Abstract

There are currently no standardized methods for assessing fracture healing, with physicians relying on X-rays which are only useful at later stages of repair. Using in vivo mouse fracture models, we present the first evidence that microscale instrumented implants provide a route for post-operative fracture monitoring, utilizing electrical impedance spectroscopy (EIS) to track the healing tissue with high sensitivity. In this study, we fixed mouse long bone fractures with external fixators and bone plates. EIS measurements taken across two microelectrodes within the fracture gap were able to track longitudinal differences between individual mice with good versus poor healing. We additionally present an equivalent circuit model that combines the EIS data to classify fracture repair states. Lastly, we show that EIS measurements strongly correlated with standard quantitative µCT values and that these correlations validate clinically-relevant operating frequencies for implementation of this technique. These results demonstrate that EIS can be integrated into current fracture management strategies such as bone plating, providing physicians with quantitative information about the state of fracture repair to guide clinical decision-making for patients.

Highlights

  • Musculoskeletal injuries are among the most disabling conditions in the United States, with the total number of bone fractures ranging from 12 to 15 million per year[1]

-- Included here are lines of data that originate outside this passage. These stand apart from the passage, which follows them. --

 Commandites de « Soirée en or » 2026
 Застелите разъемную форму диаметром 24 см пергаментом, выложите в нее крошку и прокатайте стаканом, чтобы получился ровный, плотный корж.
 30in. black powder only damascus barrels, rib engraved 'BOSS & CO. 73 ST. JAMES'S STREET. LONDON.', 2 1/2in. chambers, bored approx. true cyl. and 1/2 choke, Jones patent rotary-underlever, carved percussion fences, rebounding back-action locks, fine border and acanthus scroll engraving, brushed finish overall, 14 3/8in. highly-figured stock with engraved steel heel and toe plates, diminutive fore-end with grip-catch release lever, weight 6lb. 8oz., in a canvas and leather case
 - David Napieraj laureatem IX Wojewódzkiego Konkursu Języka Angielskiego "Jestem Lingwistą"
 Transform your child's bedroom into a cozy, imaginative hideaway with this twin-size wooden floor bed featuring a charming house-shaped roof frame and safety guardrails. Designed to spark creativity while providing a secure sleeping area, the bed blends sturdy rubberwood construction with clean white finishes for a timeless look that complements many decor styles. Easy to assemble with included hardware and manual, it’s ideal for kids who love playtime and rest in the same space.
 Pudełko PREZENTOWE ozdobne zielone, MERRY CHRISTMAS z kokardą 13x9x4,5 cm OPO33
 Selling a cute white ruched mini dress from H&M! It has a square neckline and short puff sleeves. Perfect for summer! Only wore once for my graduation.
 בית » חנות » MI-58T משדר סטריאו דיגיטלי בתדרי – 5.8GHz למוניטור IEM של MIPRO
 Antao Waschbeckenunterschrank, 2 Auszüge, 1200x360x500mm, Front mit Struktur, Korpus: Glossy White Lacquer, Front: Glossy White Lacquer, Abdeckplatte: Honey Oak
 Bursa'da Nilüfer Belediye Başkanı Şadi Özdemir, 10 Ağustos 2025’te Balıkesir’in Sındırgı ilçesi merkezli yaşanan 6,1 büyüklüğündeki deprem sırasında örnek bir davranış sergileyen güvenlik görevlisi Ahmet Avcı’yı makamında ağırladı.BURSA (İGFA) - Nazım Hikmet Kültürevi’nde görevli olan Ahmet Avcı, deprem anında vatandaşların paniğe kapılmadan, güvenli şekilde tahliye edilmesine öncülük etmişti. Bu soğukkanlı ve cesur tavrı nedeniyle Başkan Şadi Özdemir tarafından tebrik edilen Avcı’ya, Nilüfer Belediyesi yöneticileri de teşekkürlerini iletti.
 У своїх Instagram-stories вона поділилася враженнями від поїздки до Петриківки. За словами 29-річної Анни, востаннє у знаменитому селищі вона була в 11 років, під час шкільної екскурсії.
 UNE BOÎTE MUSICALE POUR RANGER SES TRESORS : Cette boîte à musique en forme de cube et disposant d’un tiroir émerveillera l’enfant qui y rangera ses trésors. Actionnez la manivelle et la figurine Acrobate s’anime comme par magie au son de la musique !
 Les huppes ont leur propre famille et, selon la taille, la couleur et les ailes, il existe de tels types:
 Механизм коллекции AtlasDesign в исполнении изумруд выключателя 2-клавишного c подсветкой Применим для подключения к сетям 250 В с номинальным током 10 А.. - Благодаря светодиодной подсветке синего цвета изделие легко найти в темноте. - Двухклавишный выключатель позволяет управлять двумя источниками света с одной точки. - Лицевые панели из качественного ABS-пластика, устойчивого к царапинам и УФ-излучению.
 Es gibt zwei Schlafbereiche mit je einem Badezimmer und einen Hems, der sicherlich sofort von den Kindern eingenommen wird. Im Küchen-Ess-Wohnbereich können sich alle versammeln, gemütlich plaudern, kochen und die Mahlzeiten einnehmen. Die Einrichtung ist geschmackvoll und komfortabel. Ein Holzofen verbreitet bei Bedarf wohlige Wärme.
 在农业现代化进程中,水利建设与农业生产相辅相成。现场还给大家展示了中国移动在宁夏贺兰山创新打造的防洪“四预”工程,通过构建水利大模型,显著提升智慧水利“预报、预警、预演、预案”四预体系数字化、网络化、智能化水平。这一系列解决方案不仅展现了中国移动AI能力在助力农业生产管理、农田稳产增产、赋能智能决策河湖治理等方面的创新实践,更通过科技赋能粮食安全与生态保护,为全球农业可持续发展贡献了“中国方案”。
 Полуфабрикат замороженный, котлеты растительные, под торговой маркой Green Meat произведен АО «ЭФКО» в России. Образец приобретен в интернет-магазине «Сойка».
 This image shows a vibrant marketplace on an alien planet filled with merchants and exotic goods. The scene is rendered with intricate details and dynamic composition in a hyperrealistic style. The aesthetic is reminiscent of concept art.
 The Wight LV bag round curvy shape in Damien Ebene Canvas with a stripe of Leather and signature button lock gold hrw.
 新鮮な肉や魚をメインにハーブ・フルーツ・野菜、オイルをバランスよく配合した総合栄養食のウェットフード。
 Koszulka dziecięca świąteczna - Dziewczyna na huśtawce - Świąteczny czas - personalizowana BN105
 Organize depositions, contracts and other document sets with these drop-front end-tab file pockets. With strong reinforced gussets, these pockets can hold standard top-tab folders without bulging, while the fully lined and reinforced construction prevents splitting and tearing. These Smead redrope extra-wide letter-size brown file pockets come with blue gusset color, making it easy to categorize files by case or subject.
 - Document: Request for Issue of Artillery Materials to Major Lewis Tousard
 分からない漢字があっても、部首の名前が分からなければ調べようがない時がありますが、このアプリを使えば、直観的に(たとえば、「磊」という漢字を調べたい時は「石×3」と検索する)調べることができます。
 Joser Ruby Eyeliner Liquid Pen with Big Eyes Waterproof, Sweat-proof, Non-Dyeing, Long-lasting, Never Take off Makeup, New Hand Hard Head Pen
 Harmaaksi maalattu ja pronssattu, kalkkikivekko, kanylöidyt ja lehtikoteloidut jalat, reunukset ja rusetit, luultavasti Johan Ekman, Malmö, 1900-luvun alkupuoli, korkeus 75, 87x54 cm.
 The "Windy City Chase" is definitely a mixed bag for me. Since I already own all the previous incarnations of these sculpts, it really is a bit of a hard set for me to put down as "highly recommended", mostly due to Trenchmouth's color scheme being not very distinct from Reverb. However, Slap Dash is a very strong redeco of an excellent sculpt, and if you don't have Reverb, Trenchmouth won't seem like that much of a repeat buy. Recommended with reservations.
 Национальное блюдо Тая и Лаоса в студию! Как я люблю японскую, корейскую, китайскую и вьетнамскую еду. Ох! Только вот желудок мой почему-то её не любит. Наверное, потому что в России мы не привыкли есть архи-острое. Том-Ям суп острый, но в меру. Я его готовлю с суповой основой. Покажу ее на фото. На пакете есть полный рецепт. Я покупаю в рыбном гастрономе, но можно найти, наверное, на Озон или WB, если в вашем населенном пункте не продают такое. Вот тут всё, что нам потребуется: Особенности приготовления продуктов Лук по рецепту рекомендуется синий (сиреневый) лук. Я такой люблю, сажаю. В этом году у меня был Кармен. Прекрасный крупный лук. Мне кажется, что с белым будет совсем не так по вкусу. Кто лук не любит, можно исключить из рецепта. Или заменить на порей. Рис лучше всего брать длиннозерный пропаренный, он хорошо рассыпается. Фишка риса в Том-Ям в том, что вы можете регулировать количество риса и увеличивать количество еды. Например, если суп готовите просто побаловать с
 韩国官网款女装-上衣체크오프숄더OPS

  • We demonstrated the ability of our sensors to distinguish between healing and poor-healing fractures stabilized using miniaturized external fixators or bone plates, and found that frequency spectra of impedance measurements are robustly correlated with quantified measures of bone volume and bone mineral density

  • We find that normalized resistance (R) significantly correlates with the ratio of bone volume to total volume (BV/TV), bone mineral density (BMD), trabecular number, and trabecular thickness (Fig. 6A–D)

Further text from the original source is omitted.